2 Framework
\[ \DeclarePairedDelimiters{\set}{\{}{\}} \DeclareMathOperator*{\argmax}{argmax} \]
2.1 What does the intro problem tell us?
Let’s approach the “accept or discard?” problem of the previous chapter 1 in an intuitive way.
We’re jumping the gun here, because we haven’t learned the method to solve this problem yet!
First, what happens if we accept
the component?
We must try to make sense of the \(10\%\) probability that the component fails within a year. For the moment let’s use an intuitive imagination trick to make sense of this. Imagine that this situation is repeated 100 times. In 10 of these repetitions the accepted electronic component is sold and fails within a year after selling. In the remaining 90 repetitions, the component is sold and works fine for at least a year. Later on we’ll approach this in a more rigorous way, where the idea of “imaginary repetitions” is not needed.

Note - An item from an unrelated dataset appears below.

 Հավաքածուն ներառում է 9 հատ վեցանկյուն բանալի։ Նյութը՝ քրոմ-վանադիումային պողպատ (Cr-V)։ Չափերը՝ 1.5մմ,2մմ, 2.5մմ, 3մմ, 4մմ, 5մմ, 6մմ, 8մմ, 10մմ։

In each of the 10 imaginary repetitions in which the component fails early, the manufacturer loses \(\color[RGB]{238,102,119}11\$\). That’s a total loss of \({\color[RGB]{204,187,68}10} \cdot {\color[RGB]{238,102,119}11\$} = {\color[RGB]{238,102,119}110\$}\). In each of the 90 imaginary repetitions in which the component doesn’t fail early, the manufacturer gains \(\color[RGB]{34,136,51}1\$\). That’s a total gain of \({\color[RGB]{204,187,68}90} \cdot {\color[RGB]{34,136,51}1\$} = {\color[RGB]{34,136,51}90\$}\). So over all 100 imaginary repetitions the manufacturer gains
\[ {\color[RGB]{204,187,68}10}\cdot ({\color[RGB]{238,102,119}-11\$}) + {\color[RGB]{204,187,68}90}\cdot {\color[RGB]{34,136,51}1\$} = {\color[RGB]{238,102,119}-20\$} \]
that is, the manufacturer has not gained, but lost \(20\$\)! That’s an average of \(0.2\$\) lost per repetition.

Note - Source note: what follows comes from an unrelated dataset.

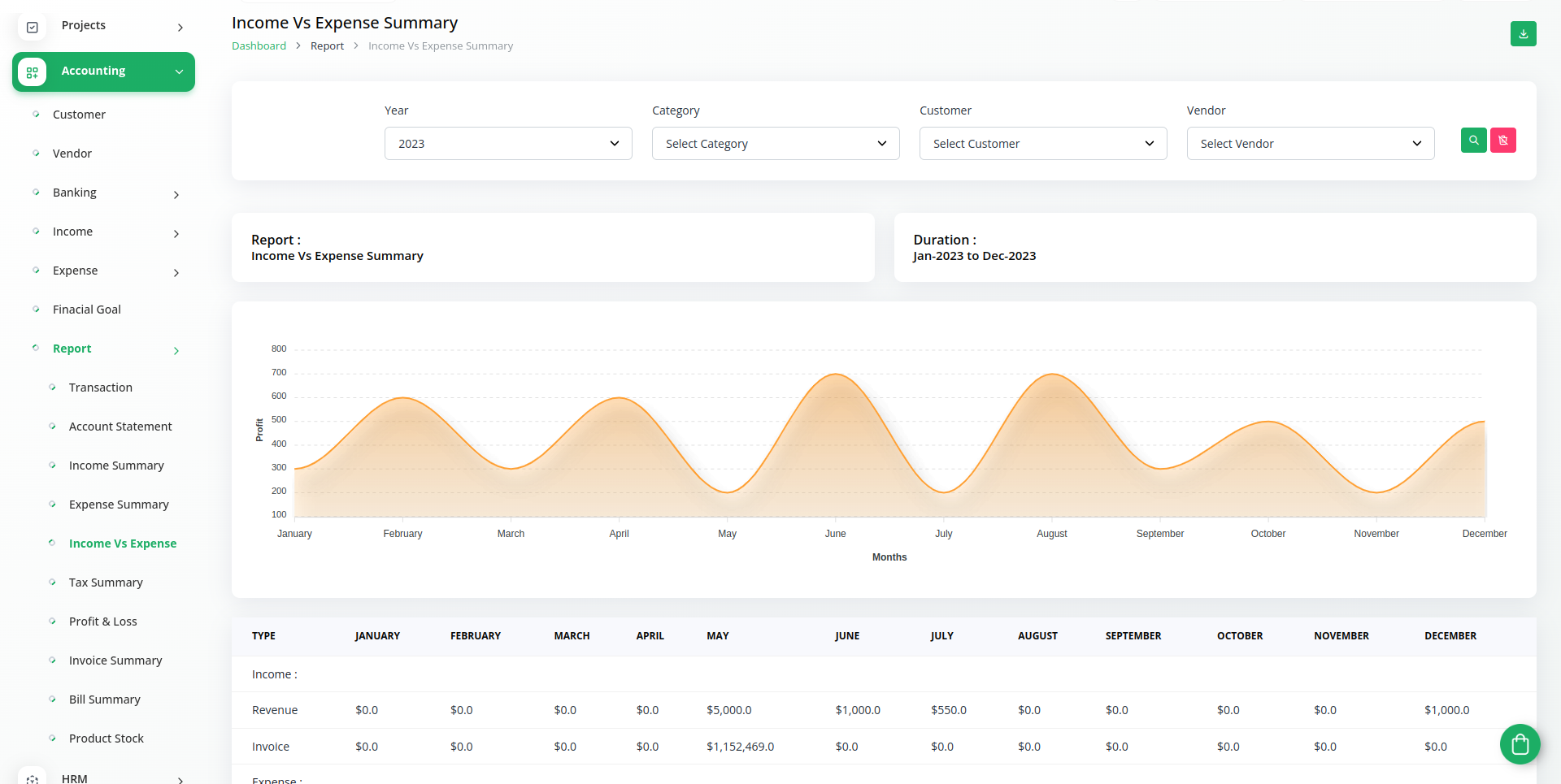 A budget is a financial plan for a specified period to keep in check with the working capital. This feature here helps to maintain the capital flow. You can set monthly, quarterly, half-yearly, or yearly budgets according to your business plans and needs. The main categories are “Income” and “Expense” where one can edit /update /delete the sub-categories as well.

Now let’s examine the second choice: what happens if we discard
the component instead?
In this case we don’t need to invoke imaginary repetitions, but even if we do, it’s clear that the manufacturer doesn’t gain or lose anything – that is, the “gain” is \(0\$\) – in each and all of the repetitions.
The conclusion is that if in a situation like this we accept the component, then we’ll lose \(0.2\$\) on average; whereas if we discard it, then on average we’ll lose (or gain) \(0\$\) on average.

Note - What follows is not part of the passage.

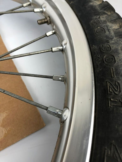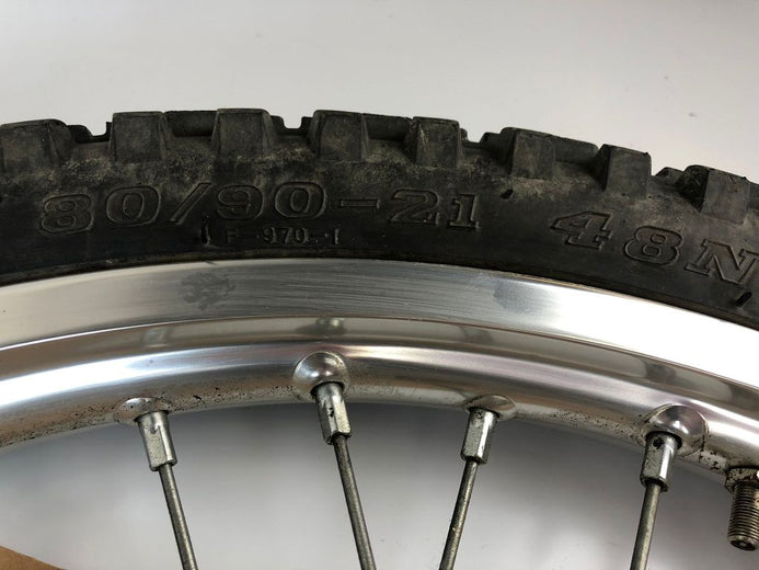 vordere Speichenfelge mit Stollenreifen, Derbi/Aprilia/Gilera, 80/90-21, 12mm Achsdurchmesser

Obviously the best, or “least worst”, decision to make is to discard the component.
From the solution of the problem and from the exploring exercises, we gather some instructive points:
Is it enough if we simply know that the component is less likely to fail than not? in other words, if we simply know that the probability of failure is less than 50% but don’t know its precise value?
Obviously not. We found that if the failure probability is \(10\%\) then it’s best to discard; but if it’s \(5\%\) then it’s best to accept. In both cases the probability of failure was less than 50%, but the decisions were different. Moreover, we found that the probability affected amount of loss if one made the non-optimal decision. Therefore:
Knowledge of precise probabilities is absolutely necessary for making the best decision
Is it enough if we simply know that failure leads to a loss, and non-failure leads to a gain, without knowing the precise amounts of loss and gain?
Obviously not. In the exercise we found that if the failure cost is \(11\$\) then it’s best to discard; but if it’s \(5\$\) then it’s best to accept. It’s also best to accept if the failure cost is \(11\$\) but the non-failure gain is \(2\$\). Therefore:
Knowledge of the precise gains and losses is absolutely necessary for making the best decision
Is this kind of decision situation only relevant to assembly lines and sales?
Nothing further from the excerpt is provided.